··· Data for analysis ···

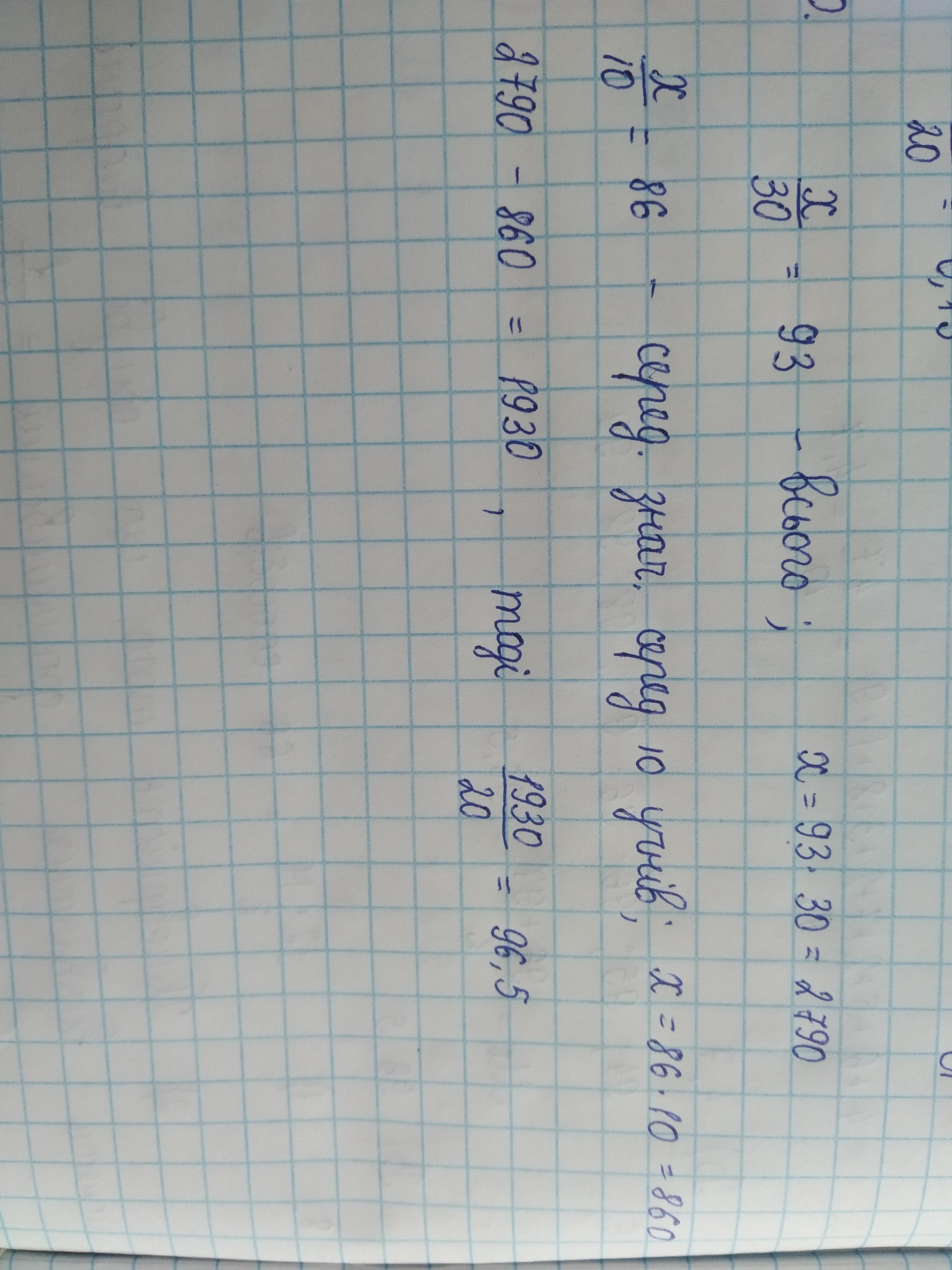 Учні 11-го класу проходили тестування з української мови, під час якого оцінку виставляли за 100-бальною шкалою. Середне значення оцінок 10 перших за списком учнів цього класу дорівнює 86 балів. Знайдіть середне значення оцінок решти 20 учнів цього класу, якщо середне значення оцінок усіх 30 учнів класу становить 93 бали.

···
··· Data for analysis ···

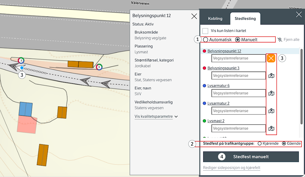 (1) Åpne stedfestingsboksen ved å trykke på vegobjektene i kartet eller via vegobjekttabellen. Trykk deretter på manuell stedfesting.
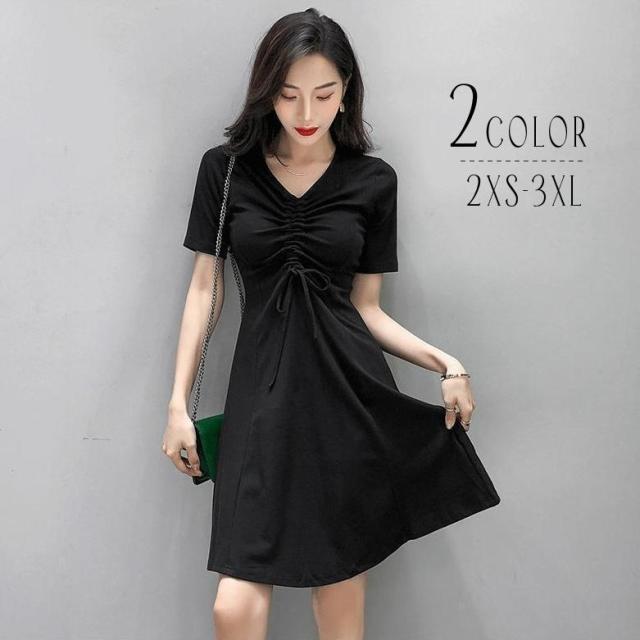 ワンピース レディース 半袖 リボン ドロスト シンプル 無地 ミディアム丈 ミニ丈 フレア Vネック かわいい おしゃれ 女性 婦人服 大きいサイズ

···

* _Your assignment_:
Skipping the pictures, print the lines in the listing above exactly as written, starting at the line with "(1) Åpne stedfestingsboksen" and ending at the line with "ワンピース レディース 半袖", both included.

* _Written solution_:
 (1) Åpne stedfestingsboksen ved å trykke på vegobjektene i kartet eller via vegobjekttabellen. Trykk deretter på manuell stedfesting.
 ワンピース レディース 半袖 リボン ドロスト シンプル 無地 ミディアム丈 ミニ丈 フレア Vネック かわいい おしゃれ 女性 婦人服 大きいサイズ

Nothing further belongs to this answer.